Bills Aim to Boost Global HIV Prevention Among Women and Youth
amfAR INTERNS JOIN CONCERTED ADVOCACY EFFORT ON CAPITOL HILL
By Jenna Nicole Levine, with Colin Gilmartin and Idara Udoh
September 2007—Two important pieces of legislation that challenge the President’s Emergency Plan for AIDS Relief (PEPFAR) and would improve the effectiveness of federally funded HIV prevention programs, particularly among women and young people, are gaining support on Capitol Hill. PEPFAR is a multi-billion dollar initiative designed to provide HIV/AIDS treatment, care, support, and prevention services around the world, primarily in 15 target countries. The prevention component of PEPFAR, however, places considerable emphasis on abstinence-until-marriage programs in spite of a raft of evidence refuting their effectiveness.
The Protection Against Transmission of HIV in Women and Youth (PATHWAY) Act of 2007 (H.R. 1713) calls for striking the earmark requiring that one-third of all PEPFAR prevention funding be allocated to abstinence-until-marriage programs, and would create a comprehensive plan to address the needs of women and youth. The HIV Prevention Act of 2007 (S. 1553) would only strike the earmark.

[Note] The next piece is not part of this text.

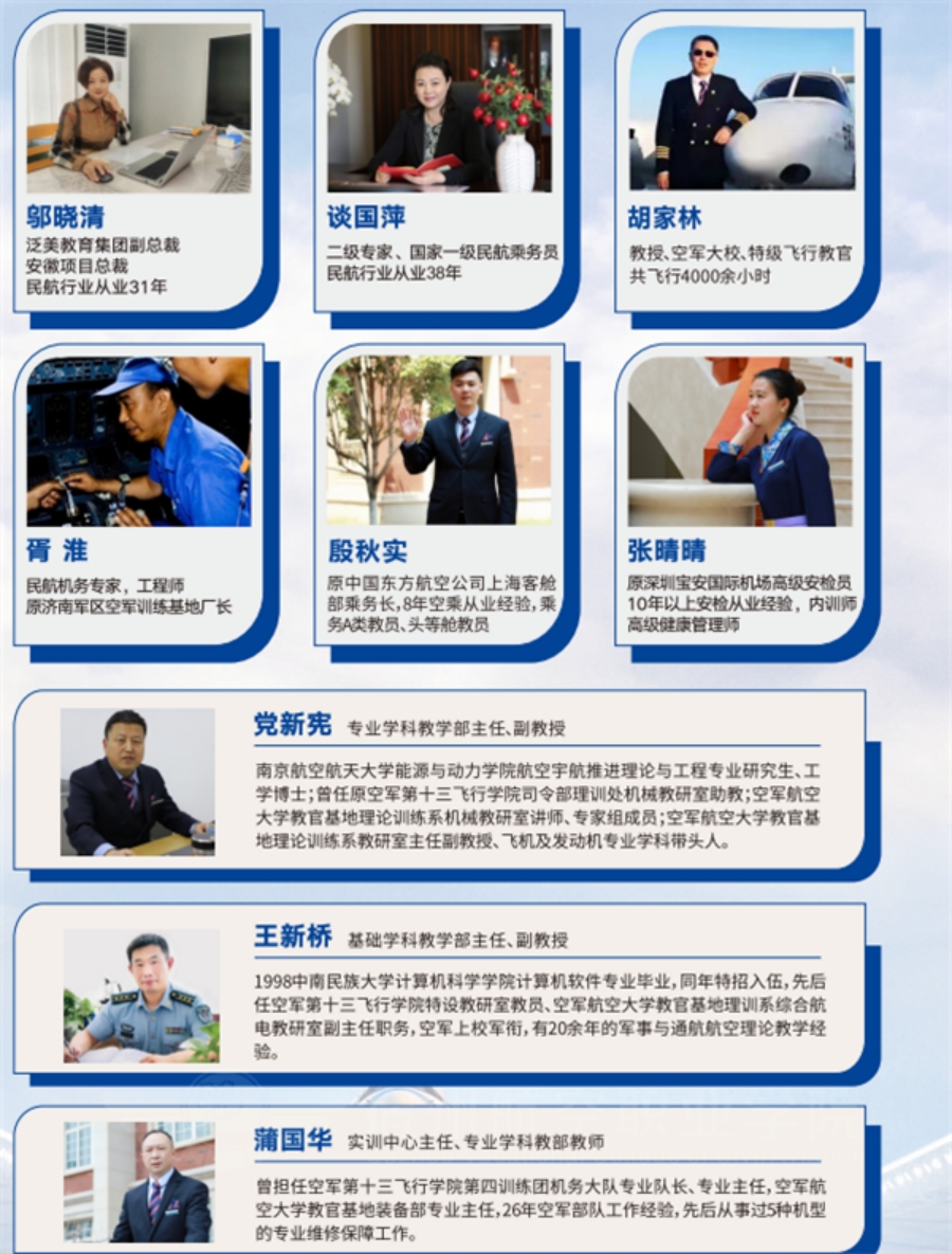 学院立足安徽、面向长三角、服务航空产业,培养高素质技术技能型人才,开设无人机应用技术、直升机驾驶技术、定翼机驾驶技术、空中乘务、民航安全技术管理、飞机机电设备维修、机场运行服务与管理、人工智能技术应用、网络营销与直播电商等十五大专业。

In an effort to enlist legislative support for the two bills, more than 55 interns from research and advocacy organizations in Washington, D.C., participated in the 2nd annual Intern Lobby Day on July 18, including amfAR Public Policy interns Colin Gilmartin, Jena Nicole Levine, and Idara Udoh. Armed with fact sheets and talking points, interns broke off into groups and headed for their assigned offices with one goal in mind: to gain the support of Congressional staff assistants, who in turn might secure the support of their bosses as co-sponsors to the legislation. They provided information about the current state of HIV in the U.S. and abroad, determined to convince Hill staffers that the PATHWAY Act and the HIV Prevention Act are important issues to their constituents.
The interns informed the staffers that approximately 50 percent of all new HIV infections worldwide occur among 15- to-24-year-olds. In sub-Saharan Africa, between 60 and 80 percent of HIV infections among women result from sex with their husbands or primary partners. In the face of these startling statistics, abstinence-until-marriage programs show no evidence of efficacy, and they continue to undermine successful evidence-based approaches to prevention. Both the Institute of Medicine and the Government Accountability Office have concluded that the abstinence-until-marriage earmark impedes the integration of prevention programs and the ability of countries to respond to local prevention needs.
amfAR’s interns left the Hill feeling positive about their efforts. Reflecting on her Lobby Day experience, Idara Udoh stated: “I gained a great deal of insight into these two very important pieces of legislation, which deeply affect the lives of women and youth worldwide. Furthermore, it has compelled me—as it should others—to want to become more involved in addressing this and similar issues in the fight against HIV/AIDS.”
The goal of the Intern Lobby Day was to secure 100 co-sponsors for the PATHWAY Act. As of September 17, 94 co-sponsors had signed on to the PATHWAY Act and 15 to the HIV Prevention Act.